At Tune.ai, we support a variety of dataset formats to facilitate the fine-tuning process. While various formats are accepted, we recommend using JSONL (JSON Lines) for its flexibility and ease of use. However, you can also utilize HuggingFace datasets with designated columns to structure your data effectively.

JSONL Schema:

The schema of the JSONL depends on the task and the prompt template you wish to use. Below are examples of different dataset formats:

  1. Completion:

    [{"text": "..."},    {"text": "..."}...]
    
  2. Instruct:

    [{"instruction": "...", "input": "...", "output": "..."},
    {"instruction": "...", "input": "...", "output": "..."}...]
    // Instruction is the task LLM needs to do
    // Input is the input to the task
    // Output is the expected generation
    
  3. Chat:

    [
        {"conversations": [{"from": "system", "value": "..."}]},
        {"conversations": [{"from": "human", "value": "..."}]},
        {"conversations": [{"from": "gpt", "value": "..."}]},
        {"conversations": [{"from": "human", "value": "..."}]},
        {"conversations": [{"from": "gpt", "value": "..."}]},
        ...
    ]
    // "from" can only be one of "system", "human", "gpt"
    // There can only be 1 "system" in starting of the conversation
    // After that, "human" and "gpt" alternate every message starting with human
    

Our platform provides built-in functionality to convert chat history threads into the chat format dataset. This means you can directly utilize existing conversation threads, such as those from messaging platforms or forums, without the need for manual conversion. ThreadsAPI

Crafting Your Dataset:

Creating a high-quality dataset is crucial for effective fine-tuning.
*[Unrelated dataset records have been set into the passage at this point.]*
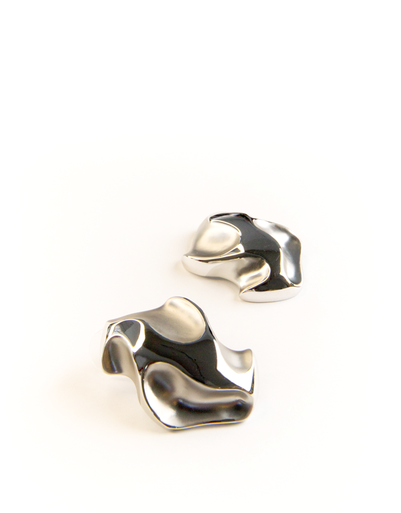 EVERLY WARPED CHUNKY STUD EARRINGS SILVER
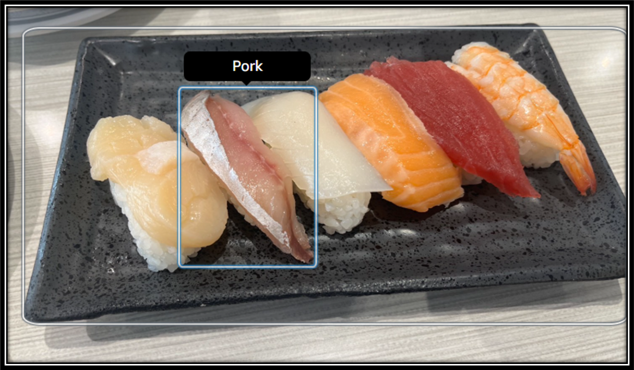 - 誤認識の発生: 寿司が「Pork(豚肉)」と判定される。
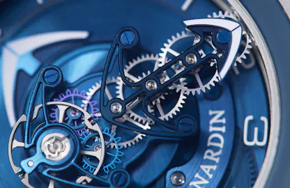At the other end of the gear train, there’s a double wheel escapement – the Dual Ulysse escapement. This escapement is based on Breguet’s so called “natural” escapement, which had two escape wheels as well, both of which drove the balance directly. The Dual Ulysse escapement’s double escape wheels drive a small lever, taking turns impulsing it as it in turn impulses the balance.
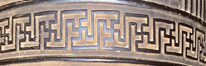 Hình tượng chữ Vạn (trên) và lá bồ đề (dưới) trên thân chuông ở Điện Huệ Nam

Here are some tips to consider:

  • Include Diverse Examples: Ensure your dataset covers various scenarios, including cases where the model’s behavior needs improvement.
  • Provide Ideal Responses: Assistant messages in the dataset should represent the desired responses you want the model to generate.
  • Repeat Instructions: Consider including instructions or prompts that worked well before fine-tuning in every training example to achieve optimal and general results.
  • Consider Cost and Length: Shorten repeated instructions or prompts if necessary to save costs but remember that the model may still behave as if they were included.
  • More Training Examples: It may require a larger number of training examples for the model to learn effectively through demonstration alone.
  • Split into Training and Test Sets: Divide your dataset into training and test portions to evaluate model performance effectively. This allows for better monitoring of model improvement and ensures you can evaluate the model post-training.

By following these guidelines, you can create a robust dataset tailored to your fine-tuning needs, setting the stage for successful model optimization and deployment.